-------- Dataset records

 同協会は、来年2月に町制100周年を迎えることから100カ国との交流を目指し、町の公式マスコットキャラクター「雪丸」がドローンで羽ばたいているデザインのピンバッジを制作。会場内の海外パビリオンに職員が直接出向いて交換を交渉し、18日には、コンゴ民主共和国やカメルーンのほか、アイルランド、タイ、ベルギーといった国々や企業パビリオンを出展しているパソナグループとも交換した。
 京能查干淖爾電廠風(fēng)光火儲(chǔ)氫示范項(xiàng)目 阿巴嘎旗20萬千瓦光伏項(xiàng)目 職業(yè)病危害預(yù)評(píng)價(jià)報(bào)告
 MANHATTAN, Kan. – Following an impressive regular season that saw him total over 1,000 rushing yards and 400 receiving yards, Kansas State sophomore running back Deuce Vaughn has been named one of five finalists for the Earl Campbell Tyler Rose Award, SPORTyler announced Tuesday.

----------------
-------- Dataset records

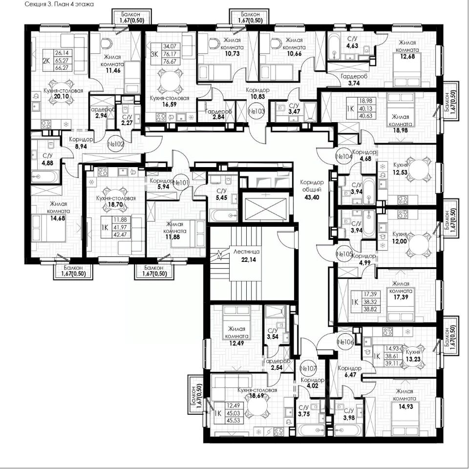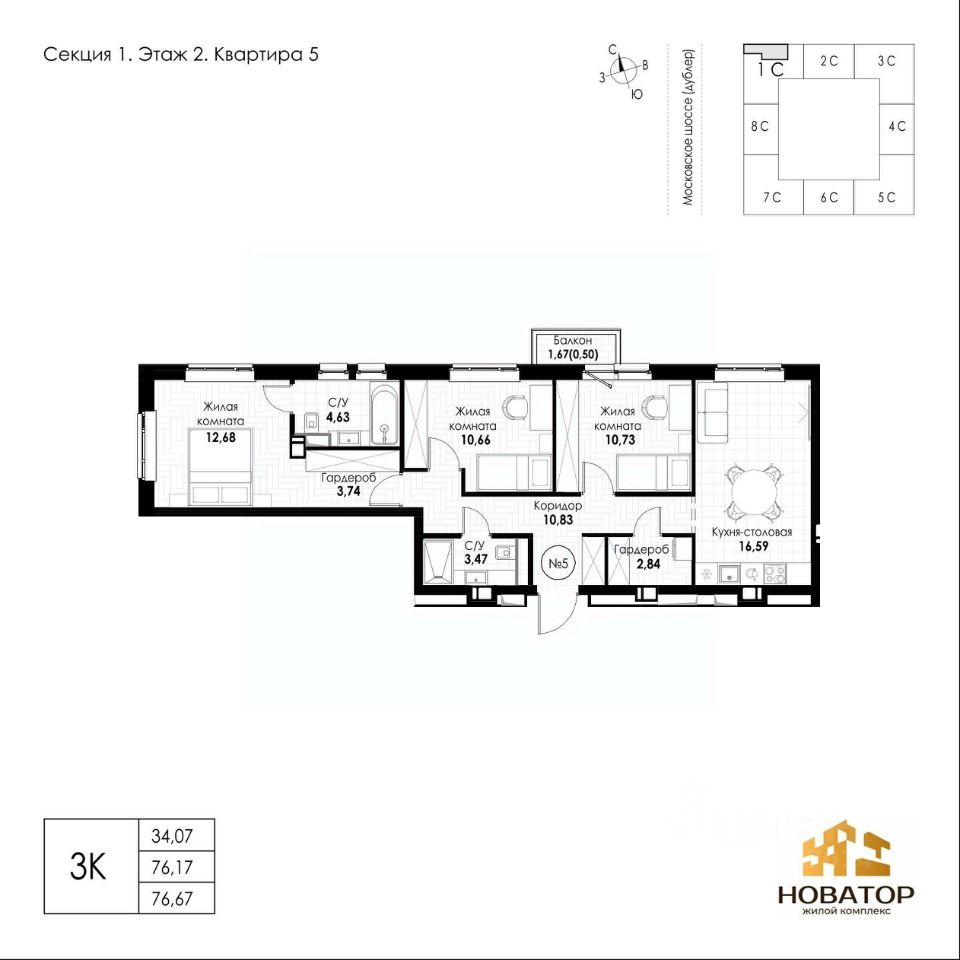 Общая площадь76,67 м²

----------------

Task >> Of all the entries above, retype exactly the lines from the line with "同協会は、来年2月に町制10" to the line with "MANHATTAN, Kan. –", both included, and no others.

Exercise solution >>
 同協会は、来年2月に町制100周年を迎えることから100カ国との交流を目指し、町の公式マスコットキャラクター「雪丸」がドローンで羽ばたいているデザインのピンバッジを制作。会場内の海外パビリオンに職員が直接出向いて交換を交渉し、18日には、コンゴ民主共和国やカメルーンのほか、アイルランド、タイ、ベルギーといった国々や企業パビリオンを出展しているパソナグループとも交換した。
 京能查干淖爾電廠風(fēng)光火儲(chǔ)氫示范項(xiàng)目 阿巴嘎旗20萬千瓦光伏項(xiàng)目 職業(yè)病危害預(yù)評(píng)價(jià)報(bào)告
 MANHATTAN, Kan. – Following an impressive regular season that saw him total over 1,000 rushing yards and 400 receiving yards, Kansas State sophomore running back Deuce Vaughn has been named one of five finalists for the Earl Campbell Tyler Rose Award, SPORTyler announced Tuesday.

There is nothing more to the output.